What the JCIDA’s leadership failed to share with the board at the meeting was that a Clayton engineering firm had already accomplished that the previous September. Buildings and grounds superintendent Spike C. Decker was surprised.

“I had no clue someone was proposing something for my building, and I told them we’ve already done the work,” Mr. Decker said. “We’ve been very proactive in the last 10 years by increasing energy efficiency here, so there’s really not a lot that they can gain. If we haven’t done it, it’s because it’s cost-prohibitive right now.”

That honest reaction by a respected department head opened a firestorm of criticism. Immediately, JCIDA board members and community residents outside the agency received a scathing email from Donald C. Alexander, chief executive officer of the JCIDA, vilifying this newspaper for having the temerity to quote Mr. Decker about the wisdom of the JCIDA’s ill-conceived power efficiency scheme.

Times reporters and editors heard about the email and immediately requested a copy under the state’s Freedom of Information Law. While we were waiting — a process that involved an appeal of an initial denial — we began looking around to find out just what Mr. Alexander was saying so we could better understand his wrath. The response to our FOIL request came this week. You can read it for yourself [in a graphic attached to this web story]; Mr. Alexander severely redacted his email.

In the meantime, Times reporters obtained a copy of the email. You can read every word in the original email, also appearing [as a graphic attached to this web story].

We have been criticized many times over the 153 years this newspaper has been published, so this is hardly a new experience. Here is a brief summary of what Mr. Alexander chose to keep secret:

n The article is a “blatant attempt to make staffs and boards from the county and particularly the IDA look ignorant and unaware of what is going on around them.”

n JCIDA has been “victimized by an editorial policy gone amuck [sic].”

n “When one is asked the question regarding the difficulties of doing economic development in Jefferson County, might I suggest that high on the list is the Watertown Daily Times and its ownership who remains mired in the ‘golden days of newspapers’ when bulling [sic] was an accepted and predominate [sic] way of life.”

Finally, Mr. Alexander chose to redact his glee in citing the lower circulation of the Times caused by “editorials designed and presented as ‘news stories.’ ”

Mr. Alexander is certainly entitled to his opinions, but there can be only one set of facts. The facts are simple: Almost immediately after the article appeared, the JCIDA board put the project on hold for further evaluation.

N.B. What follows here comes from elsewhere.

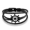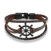 Fashion Retro Men's Ship Rudder Charm Bracelet Men's Multi Layer Leather Rope Chain Wrist Bracelet Ornaments Party Jewelry Gifts

What is distressing is that the man entrusted with leading Jefferson County’s job development efforts, the man who continues to preside over a county whose unemployment rate, despite the presence of Fort Drum, is much higher than almost every county in the state, can take pleasure in the changing nature of the news media business. Mr. Alexander is cheering for the decline in print circulation and gleefully hoping for the eventual demise of one of Jefferson County’s major employers, whose staff produces a daily newspaper delivered to doorsteps from Massena to Pulaski and services and maintains a comprehensive and serious local news website.

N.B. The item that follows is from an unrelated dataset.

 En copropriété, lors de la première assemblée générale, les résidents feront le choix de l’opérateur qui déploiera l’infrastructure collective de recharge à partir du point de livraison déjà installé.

Hoping for demise? Is that what you want the chief executive of job development efforts to put his energy behind? Not only is Mr. Alexander wrong about this media organization, he fails to display the skills, track record or ability to drive economic development and job creation.

Mr. Alexander has impugned the motives and the professionalism of every man and woman engaged in the publication of the Times — door-step delivery agents, press operators, computer experts, reporters, editors and the many other employees who work hard to present an even-handed and accurate news report.

Sometimes the truth hurts, but it always emerges — even if you think you are immune because you have a black pencil on your desk to cover up your words.